Objective  To investigate the long-term effects of LSG on weight loss, diabetes mellitus, hypertension, dyslipidemia, and hyperuricemia.

Design, Setting, and Participants  Cohort study using a retrospective analysis of a prospective cohort at a university hospital. Data were collected from all patients undergoing LSGs performed by the same team between April 1, 2006, and February 28, 2013, including demographic details, weight follow-up, blood test results, and information on medications and comorbidities.

Main Outcomes and Measures  Excess weight loss, obesity-related comorbidities, and partial and complete remission at 1, 3, and 5 years of follow-up.

Results  A total of 443 LSGs were performed. Complete data were available for 241 of the 443 patients (54.4%) at the 1-year follow-up, for 128 of 259 patients (49.4%) at the 3-year follow-up, and for 39 of 56 patients (69.6%) at the 5-year follow-up. The percentage of excess weight loss was 76.8%, 69.7%, and 56.1%, respectively. Complete remission of diabetes was maintained in 50.7%, 38.2%, and 20.0%, respectively, and remission of hypertension was maintained in 46.3%, 48.0%, and 45.5%, respectively. Changes in high-density lipoprotein cholesterol level (mean [SD] level preoperatively and at 1, 3, and 5 years, 46.7 [15.8], 52.8 [13.6], 56.8 [16.0], and 52.4 [13.8] mg/dL, respectively) and triglyceride level (mean [SD] level preoperatively and at 1, 3, and 5 years, 155.2 [86.1], 106.3 [45.3], 107.2 [53.4], and 126.4 [59.7] mg/dL, respectively) were significant compared with preoperative and postoperative measurements (P < .001). The decrease of low-density lipoprotein cholesterol level was significant only at 1 year (P = .04) and 3 years (P = .04) (mean [SD] level preoperatively and at 1, 3, and 5 years, 115.8 [33.2], 110.8 [32.0], 105.7 [25.9], and 110.6 [28.3] mg/dL, respectively).
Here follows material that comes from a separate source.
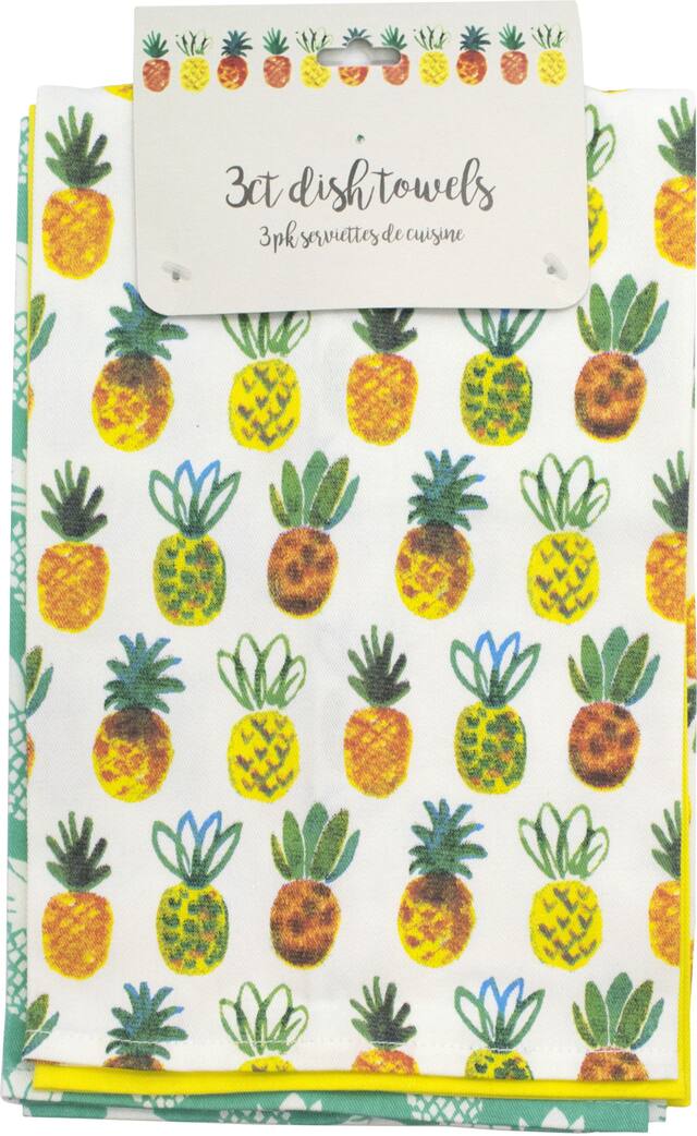 Cotton towels feature three designs: brown and yellow pineapples on white solid yellow and teal with white pineapples

The changes in total cholesterol level did not reach statistical significance (mean [SD] level preoperatively and at 1, 3, and 5 years, 189.5 [38.2], 184.0 [35.4], 183.4 [31.2], and 188.1 [35.7] mg/dL, respectively). No changes in comorbidity status correlated with preoperative excess weight. Hypertriglyceridemia was the only comorbidity whose remission rates at 1 year of follow-up (partial/complete, 80.6%; complete, 72.2%) correlated with percentage of excess weight loss (76.8%) (P = .005).
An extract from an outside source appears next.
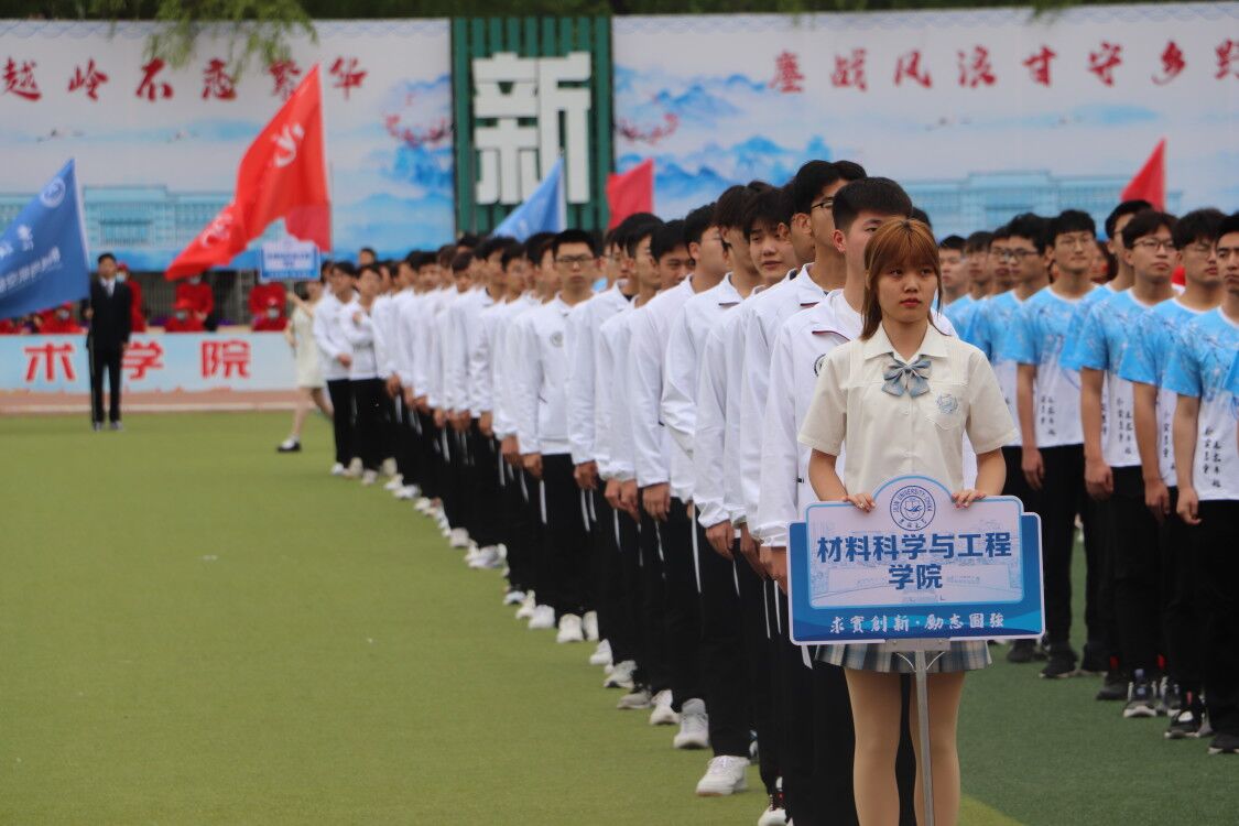 前卫南区体育场成功举行。运动会开幕式上,材料学院方队的同学们精神抖擞,英姿飒爽,以自信的姿态,响亮的口号,展现出了材料学院昂扬向上的精神风貌。

Conclusions and Relevance  Undergoing LSG induced efficient weight loss and a major improvement in obesity-related comorbidities, with mostly no correlation to percentage of excess weight loss. There was a significant weight regain and a decrease in remission rates of diabetes and, to a lesser extent, other comorbidities over time.